Inaccurate, misleading, or negative media coverage could adversely affect our reputation and our ability to bid for government contracts.
Because of the public nature of many of our business lines, the media frequently focuses their attention on our contracts with government agencies. If the media coverage is negative, it could influence government officials to slow the pace of outsourcing government services, which could reduce the number of RFPs. The media also focus their attention on the activities of political consultants engaged by us, and we may be tainted by adverse media coverage about their activities, even when those activities are unrelated to our business. Moreover, inaccurate, misleading, or negative media coverage about us could harm our reputation and, accordingly, our ability to bid for and win government contracts.
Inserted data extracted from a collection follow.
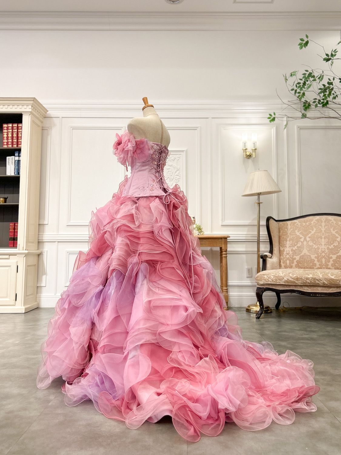 ピンクとラベンダーがやわらかに溶け合う、可憐で華やかなカラードレス。
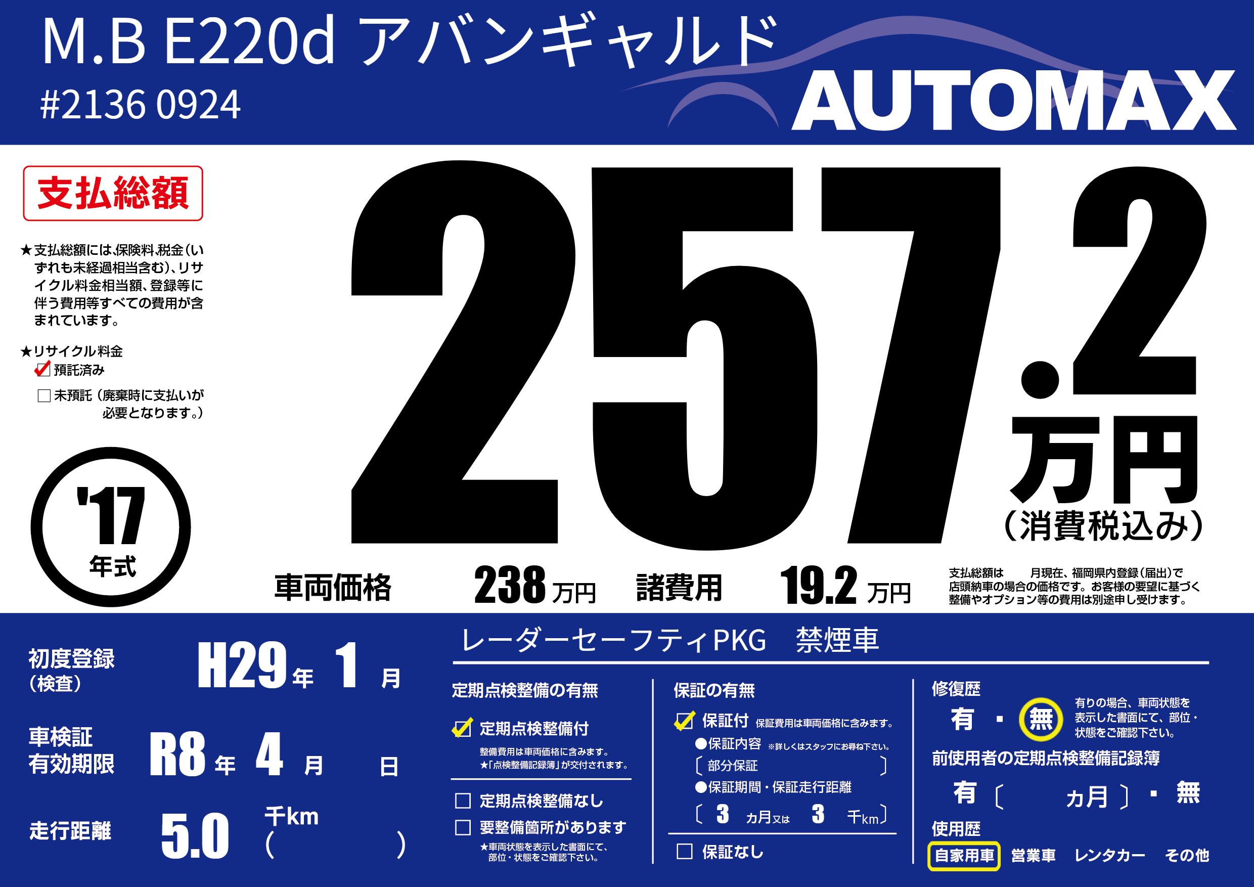 | 車名 | M.B E220d アバンギャルド | グレード ミッション 排気量 |
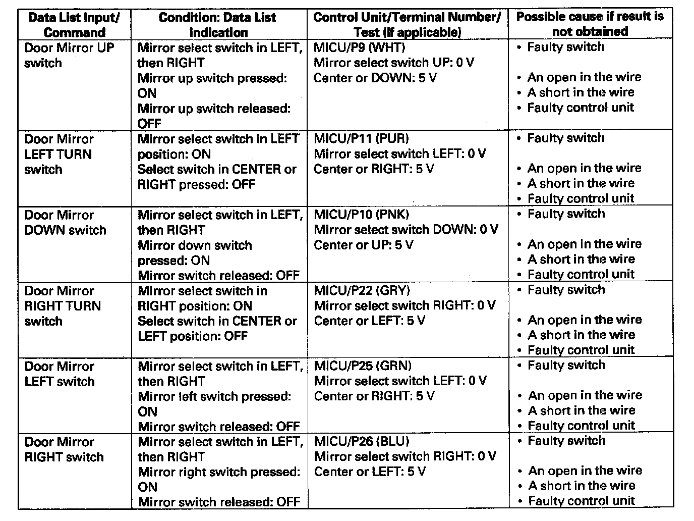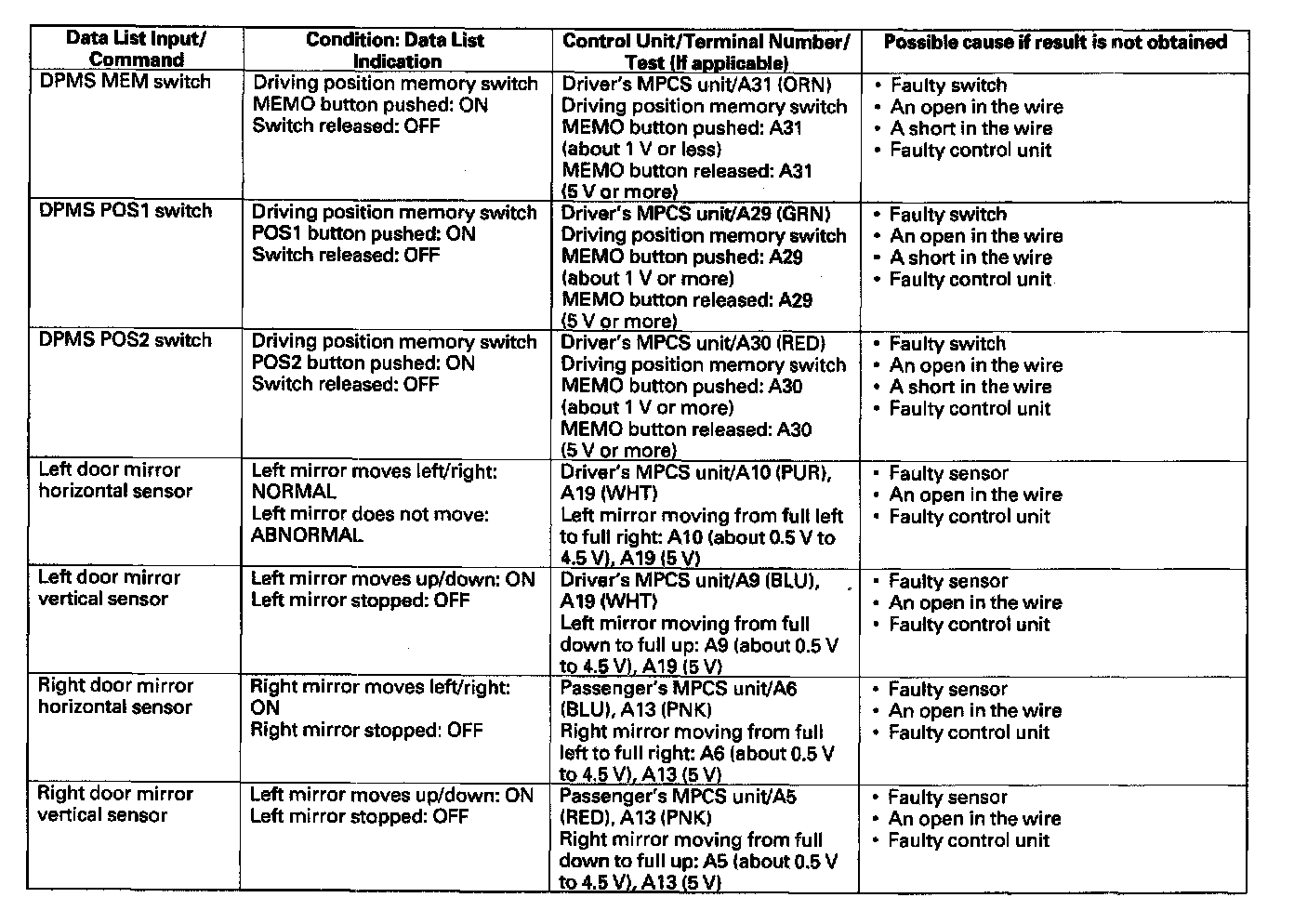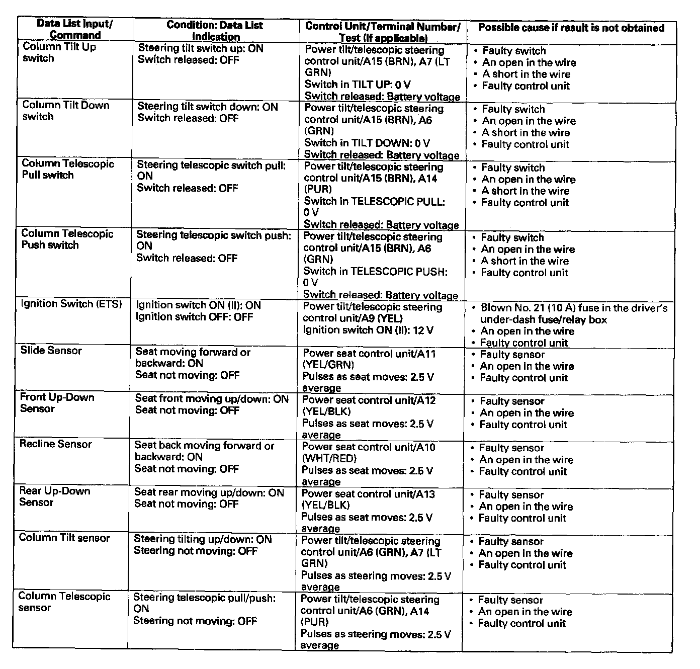 - If the data list indication is not correct, perform the appropriate test at the control unit and terminal indicated in the table.
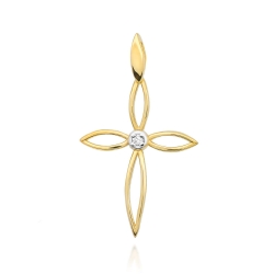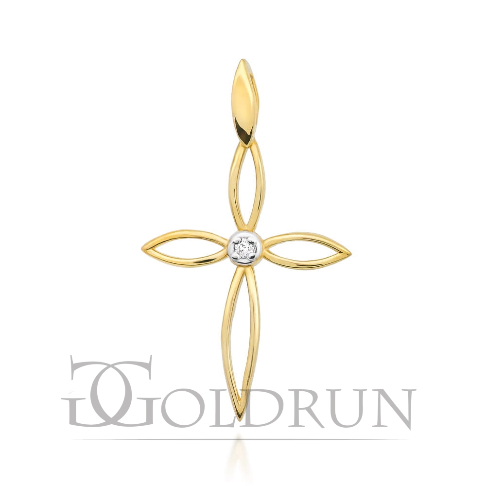 Zawieszka z żółtego złota krzyż z diamentem 0,02ct The Diamonds
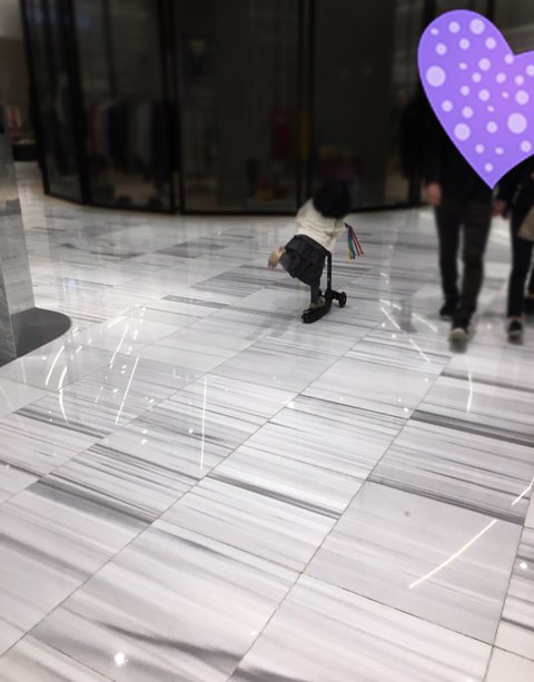 백화점 바닥은 반짝거리는 타일 소재로, 굉장히 미끄럽습니다.

Our Articles of Incorporation and bylaws include provisions that may have anti-takeover effects.
Our Articles of Incorporation and bylaws include provisions that may delay, deter, or prevent a takeover attempt that shareholders might consider desirable. For example, our Articles of Incorporation provide that our shareholders may not take any action in writing without a meeting. This prohibition could impede or discourage an attempt to obtain control of us by requiring that any corporate actions initiated by shareholders be adopted only at properly called shareholder meetings.